There are reasons that we shouldn’t think that this means that slavery was going to last forever. But, in the 1850s, there are a lot of numbers on the slaveholders’ side, and the Republican confidence in its doom is often a bluff that we shouldn’t take literally.
ERIC FONER: They talk about its doom, but as Lincoln said, it might last a hundred more years. It’s doomed, but maybe way in the future. One of the advantages of the internationalist perspective that Matt talked about in the book is that it does make you realize that slavery was expanding not only in the United States, but also in Brazil and Cuba. Those were the three great slaveholding societies of the nineteenth century.

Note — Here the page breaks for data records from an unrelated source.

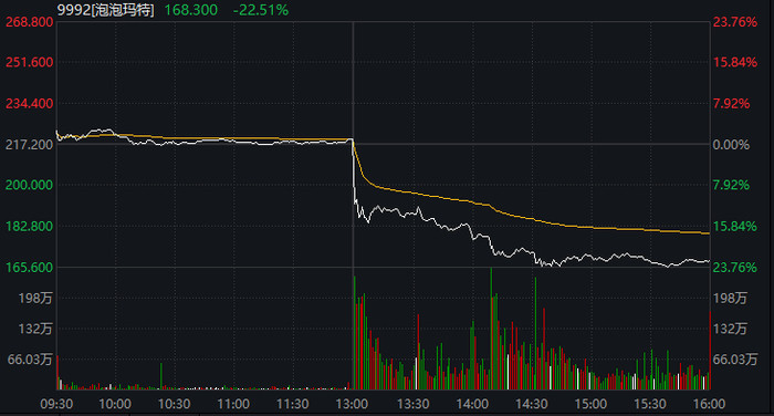 3月25日午后,港股泡泡玛特大跌,限制收盘,跌幅超22%。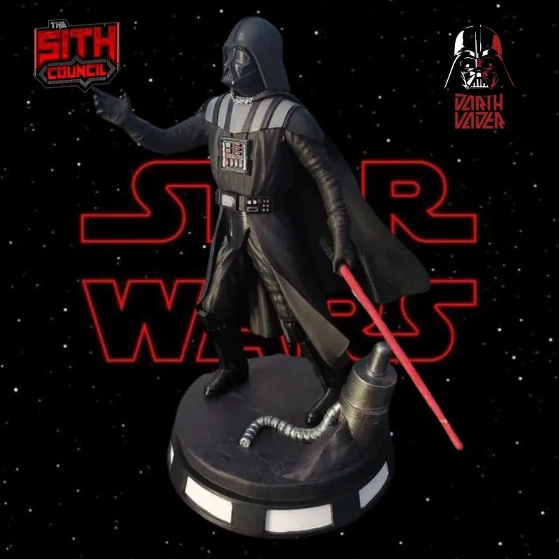 The sculpt showcases screen-accurate Sith armor, from the iconic chest control panel to the flowing cape and mechanical life-support details. The round base features industrial sci-fi elements and cables, reinforcing the cold, mechanical nature of Vader’s reign. This model is designed as a true display centerpiece for Sith-focused collections.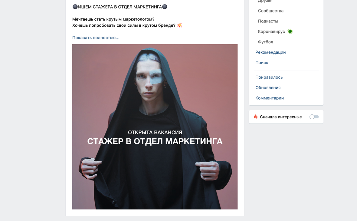 Чтобы найти сотрудников, компании часто настраивают таргетированную рекламу на подписчиков нескольких тематических групп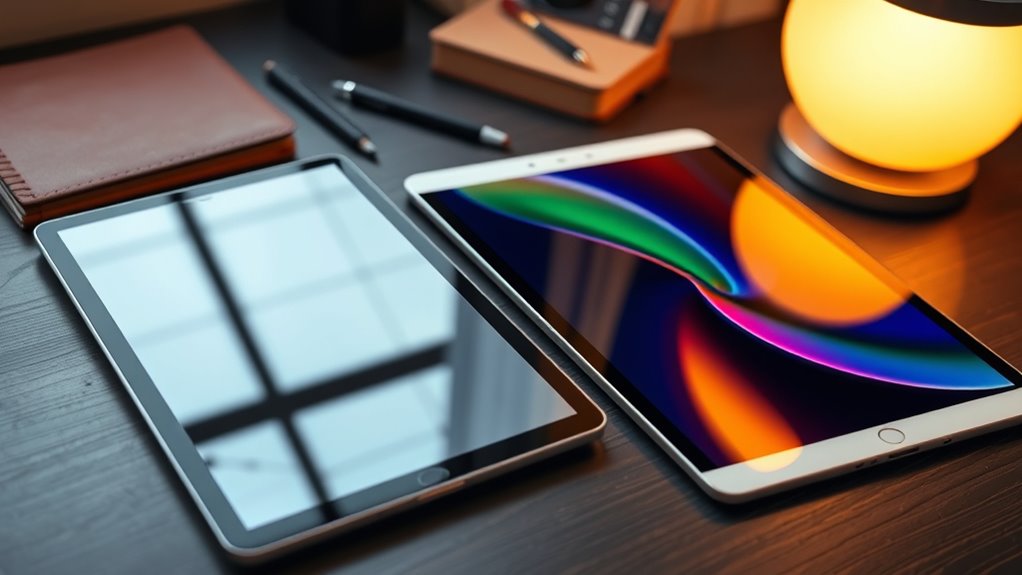If I were choosing between the iPad Pro 2025 and the iPad Air for students, I’d weigh performance and budget carefully. The iPad Pro offers top-tier power, larger display, and better connectivity options, making it ideal for demanding tasks and creative projects. The iPad Air, however, is more affordable, lightweight, and perfectly suitable for everyday use and moderate work. Want to find out which features truly stand out? Keep exploring to see which fits your needs best.

MATT KARP: Here’s a useful little fact: in 1860, on the eve of the American Civil War, there were more slaves in the Western Hemisphere than at any other point in history. Slavery was not going away; it was not dying out, even though it had been abolished in Haiti, of course, by revolution, in the British empire, in the Latin American nations, which had rebelled against Spain. It was still dynamic and growing, so that was the frame of mind that these Southern slaveholders brought into this period.
There’s a character in the book — a senator from Virginia who’s the chairman of the finance committee across the 1850s, one of the most powerful guys in Washington. He’s kind of lost in the sands of time, Robert Mercer Taliaferro Hunter.
He gave a speech at one point in 1850 where he does a thought experiment: imagine if slavery had been abolished everywhere at the time of British abolition. And he says, “Imagine this: no cotton. No sugar. Little coffee, less tobacco.” He makes the world sound really bleak without slavery. He’s this sort of rumpled, conservative, country-born Virginian, but he has this global perspective.
That global perspective really enforces their confidence about slavery’s place at the heart of the world economy. All these industrializing societies are buying more and more slave goods. Slave societies look like they are outpacing the emancipated societies, which are less productive from a pure export perspective because they’re not coercing the workers as directly.
ERIC FONER: One of the interesting things you talk about is the intellectual world of the 1850s, where scientific racism was very rapidly gaining a hold on “enlightened” thought, the pseudoscience of craniology. The notion that human beings were divided into groups called races, and some of them were superior, and some of them were inferior, was more powerful in this period than it had been thirty or forty years before.